Filed under: audio,audio-video systems design — 2014-04-26 by Richard L. Hess — Last Edit 2014-04-26 by Richard L. Hess

I received an email requesting clarification on my 1980 AES Preprint about the use of voltage audio distribution vs. power matched audio distribution for analog audio signals.

The confusion seemed to be about equipment being rated for driving a 600 ohm load. Yes, most professional audio equipment will drive a 600 ohm load, but might (repeat might) lose a small amount of headroom doing so. The better reason to be able to drive a 600 ohm load is to drive long cables which might create slew-rate limiting if they load the output to the extent that they slow it down. It’s all about current. In fact, merely being able to drive a 600 ohm load may not provide enough current to drive very long cables.I will let the designers working on these details determine the proper amount of drive current in order to adequately drive the desired cable length, but please allow me to suggest that 300 m is not too long a minimum design criterion.

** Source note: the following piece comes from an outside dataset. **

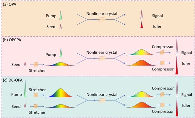 图2:(a)OPA原理图;(b)OPCPA原理图;(c)DC-OPA原理图

I have not seen a professional broadcast plant that had 600 ohm terminating inputs on analog audio signals in a very long time. I think the Canadian Broadcasting Corporation migrated away from this in the 1980s as they built new facilities. To the best of my knowledge they were the last hold-outs in North America on a system-wide basis.

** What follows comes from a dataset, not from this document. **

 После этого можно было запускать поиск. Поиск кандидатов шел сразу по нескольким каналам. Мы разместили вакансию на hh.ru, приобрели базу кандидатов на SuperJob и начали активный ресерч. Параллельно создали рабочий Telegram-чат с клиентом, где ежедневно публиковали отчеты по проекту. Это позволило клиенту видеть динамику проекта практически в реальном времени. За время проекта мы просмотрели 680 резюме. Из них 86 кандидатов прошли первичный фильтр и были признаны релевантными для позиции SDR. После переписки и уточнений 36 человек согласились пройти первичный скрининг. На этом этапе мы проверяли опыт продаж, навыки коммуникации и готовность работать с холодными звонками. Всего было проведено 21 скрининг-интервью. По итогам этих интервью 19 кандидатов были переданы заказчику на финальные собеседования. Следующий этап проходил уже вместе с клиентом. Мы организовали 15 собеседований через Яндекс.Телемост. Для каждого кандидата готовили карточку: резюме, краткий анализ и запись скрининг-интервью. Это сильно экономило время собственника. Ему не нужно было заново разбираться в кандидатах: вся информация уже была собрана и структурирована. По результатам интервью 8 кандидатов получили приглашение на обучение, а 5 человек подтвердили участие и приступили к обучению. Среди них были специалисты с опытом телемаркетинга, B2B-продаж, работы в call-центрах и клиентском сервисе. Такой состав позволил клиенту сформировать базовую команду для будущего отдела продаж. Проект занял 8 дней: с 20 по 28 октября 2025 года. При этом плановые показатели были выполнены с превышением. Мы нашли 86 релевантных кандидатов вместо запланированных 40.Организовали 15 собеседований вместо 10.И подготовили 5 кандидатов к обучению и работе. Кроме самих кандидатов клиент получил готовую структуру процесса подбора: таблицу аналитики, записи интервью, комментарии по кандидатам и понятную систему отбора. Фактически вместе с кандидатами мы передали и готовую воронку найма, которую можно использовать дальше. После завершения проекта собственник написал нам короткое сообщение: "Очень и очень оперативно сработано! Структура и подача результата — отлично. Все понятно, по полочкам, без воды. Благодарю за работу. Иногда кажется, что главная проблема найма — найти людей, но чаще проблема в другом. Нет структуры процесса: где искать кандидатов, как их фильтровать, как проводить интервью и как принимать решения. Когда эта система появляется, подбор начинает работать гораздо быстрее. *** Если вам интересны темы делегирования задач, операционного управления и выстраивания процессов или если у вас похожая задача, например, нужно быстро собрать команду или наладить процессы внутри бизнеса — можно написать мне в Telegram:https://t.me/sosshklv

Now, I’m not talking about long cable runs using analog technology, for example a studio-to-transmitter link. I’m talking about normal in-plant wiring where 100-300 m is the typical longest length.

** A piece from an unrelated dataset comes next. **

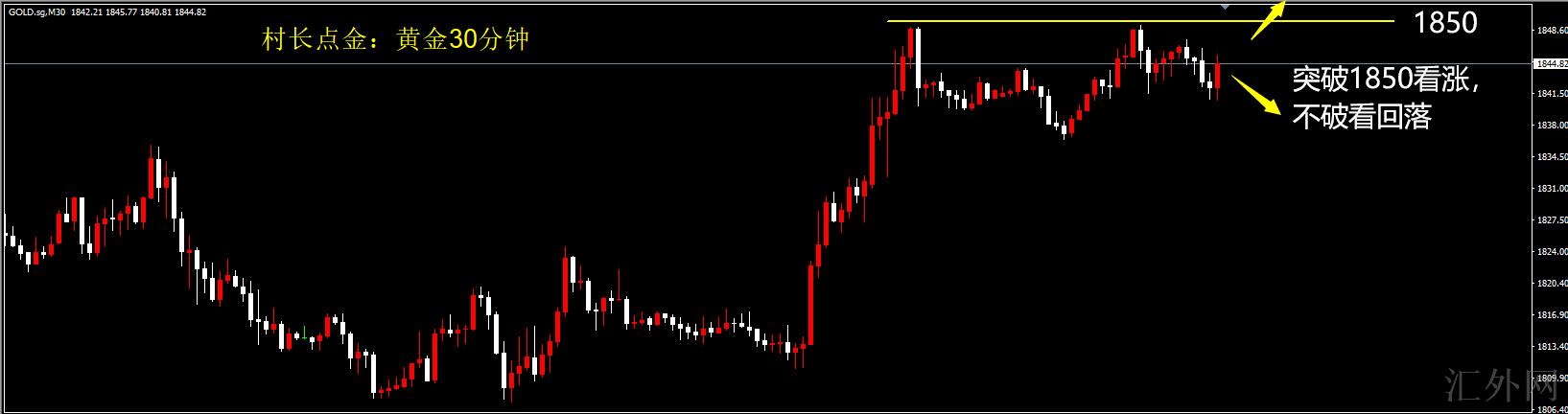 从三十分钟黄金行情图来说,黄金价格两次在1849一线冲顶回调了,那么今夜很显著,就是看1850一线是否击穿,假使击穿1850一线,则持续看多,假使不破的话,看冲顶回调。

Since we are seeing more fibre transmission and embedding audio into digital video (and then possibly putting that on a fibre), the days of huge analog plants seem to be numbered. Honestly, I have been away from large facility design for about a decade, so I do not have my nose in this space, but from what I’ve read and heard, it seems to be the way facilities are going…if not completely file-based.

So, yes, design an output stage to drive a 600 ohm load, but do NOT terminate the following input in a normal broadcast or recording plant.

If there is a very long run (studio-t0-transmitter link, for example), I would suggest going fibre for many good reasons, unless this is a wireless point-to-point system, then that should be a digital microwave system.